As numerous studies demonstrated, the function of the family of ATP-binding cassette transporters (ABC transporters) is one of the causes of MDR.10,11 The emergence of MDR mediated by ABC transporters, containing multidrug resistance protein 1 (MRP1), breast cancer resistance protein (BCRP), and P-glycoprotein (P-gp), often hinders cancer treatment.12,13 It is now believed that the effect of MDR reversal agents is mostly related to the efflux function of ABC transporters.14 The ABC transporters actively transport chemotherapeutic drugs out of cells, thereby reducing their cytotoxic effects.15,16 Thus, inhibiting the chemotherapeutic drugs efflux from cancer cells will be an important strategy to overcome MDR.
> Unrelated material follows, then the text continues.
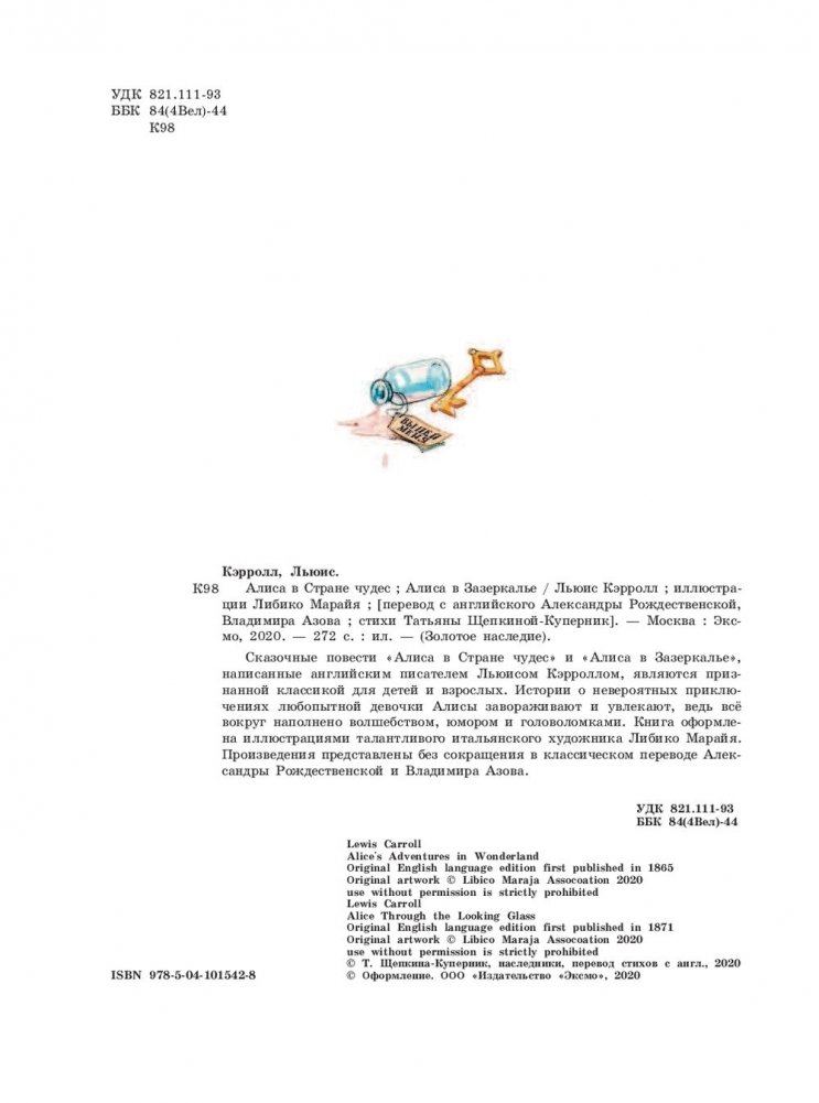 Сказочные повести "Алиса в Стране чудес" и "Алиса в Зазеркалье", написанные английским писателем Льюисом Кэрроллом, являются признанной классикой для детей и взрослых. Истории о невероятных приключениях любопытной девочки Алисы завораживают и увлекают, ведь всё вокруг наполнено волшебством, юмором и головоломками. Книга оформлена иллюстрациями талантливого итальянского художника Либико Марайя. Произведения представлены без сокращения в классическом переводе Александры Рождественской и Владимира Азова.

There have been many in vitro probes to screen the MDR reversal agents. For example, rhodamine worked as a probe to detect the efflux function of ABC transporters.17,18 However, these methods cannot enable the real-time imaging of efflux kinetics of MDR protein substrates directly in vivo. In addition, the tumor microenvironment is different in vitro and in vivo remarkably,19 and thus, it is difficult to quickly determine the consistency of efflux kinetics in vitro and in vivo after treating with MDR reversal agents. Here, we established a method to monitor in real time the efflux kinetics of the MDR protein substrates affected by MDR reversal agents in vitro, which could keep the high consistency in evaluating the in vivo effect of MDR reversal agents.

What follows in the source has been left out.